[Exercise directions]
Do not repeat pictures. Repeat exactly the lines of the listing below from its first line through the line with "ATRの期間や倍数、小さいロ".

[Data section]
--*--

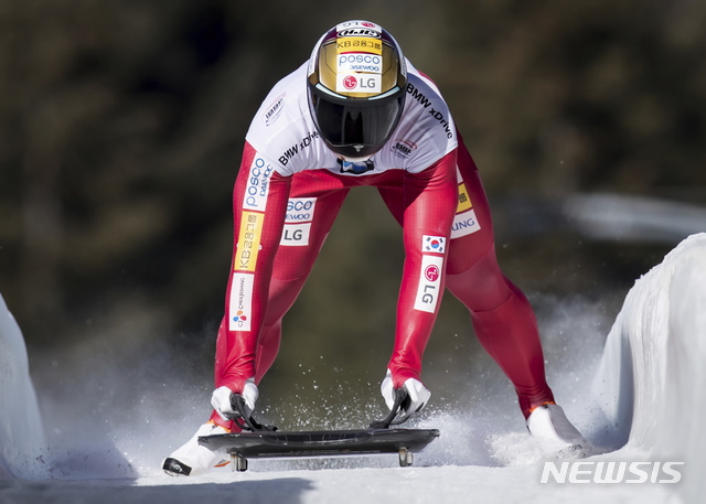 【휘슬러(캐나다)=AP/뉴시스】윤성빈이 8일(현지시간) 캐나다 휘슬러에서 열린 2018-2019 국제봅슬레이스켈레톤연맹(IBSF) 세계선수권 남자 스켈레톤 둘째 날 경기를 하고 있다.
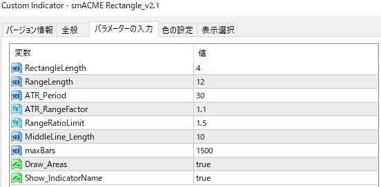 ATRの期間や倍数、小さいローソク足が何本続けばレクタングルで囲むか等について詳しく設定できます。
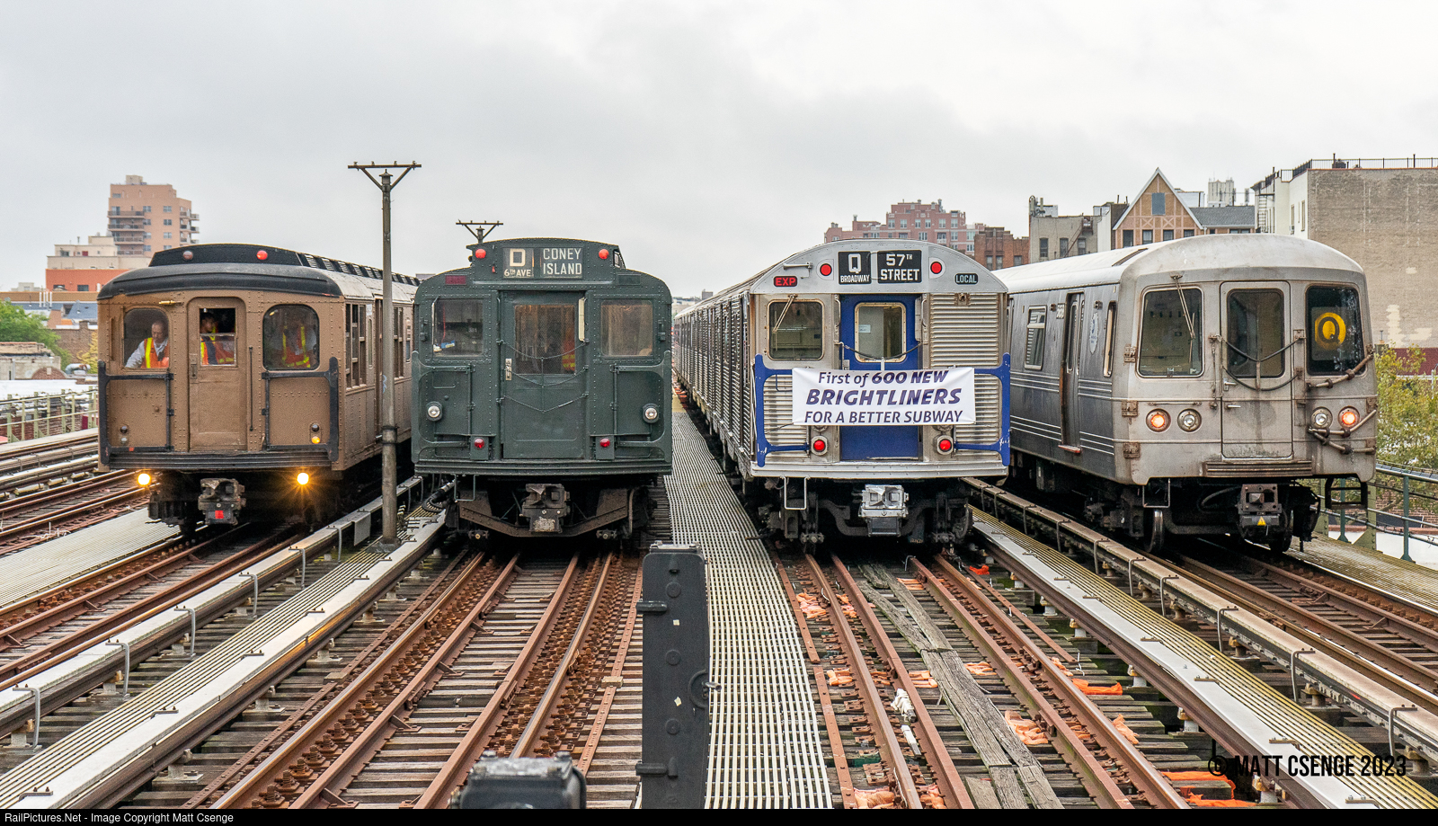 Lineup. The NY Transit Museum fleet is seen getting in positions for the traditional lineup at Ocean Parkway Station following the end of the first day of the Parade of Trains. From left to right (and oldest to newest) are: AB Standard no. 2392 (ACF, 1914-1919) R1 no. 381 (ACF, 1930-1931) R32 no. 3360 (Budd, 1964) R46 no. 5658 (Pullman-Standard, 1974-1975) The R32 is sporting a replica of a banner from a celebratory trip the cars made in 1964, from the New York Central Railroad's Mott Haven Yard to Grand Central Terminal. The banner was donated to the museum along with a similar "last of 600 new Brightliners" that was created for the cars' last run in 2022.

--*--

[Solution to the exercise]
 【휘슬러(캐나다)=AP/뉴시스】윤성빈이 8일(현지시간) 캐나다 휘슬러에서 열린 2018-2019 국제봅슬레이스켈레톤연맹(IBSF) 세계선수권 남자 스켈레톤 둘째 날 경기를 하고 있다.
 ATRの期間や倍数、小さいローソク足が何本続けばレクタングルで囲むか等について詳しく設定できます。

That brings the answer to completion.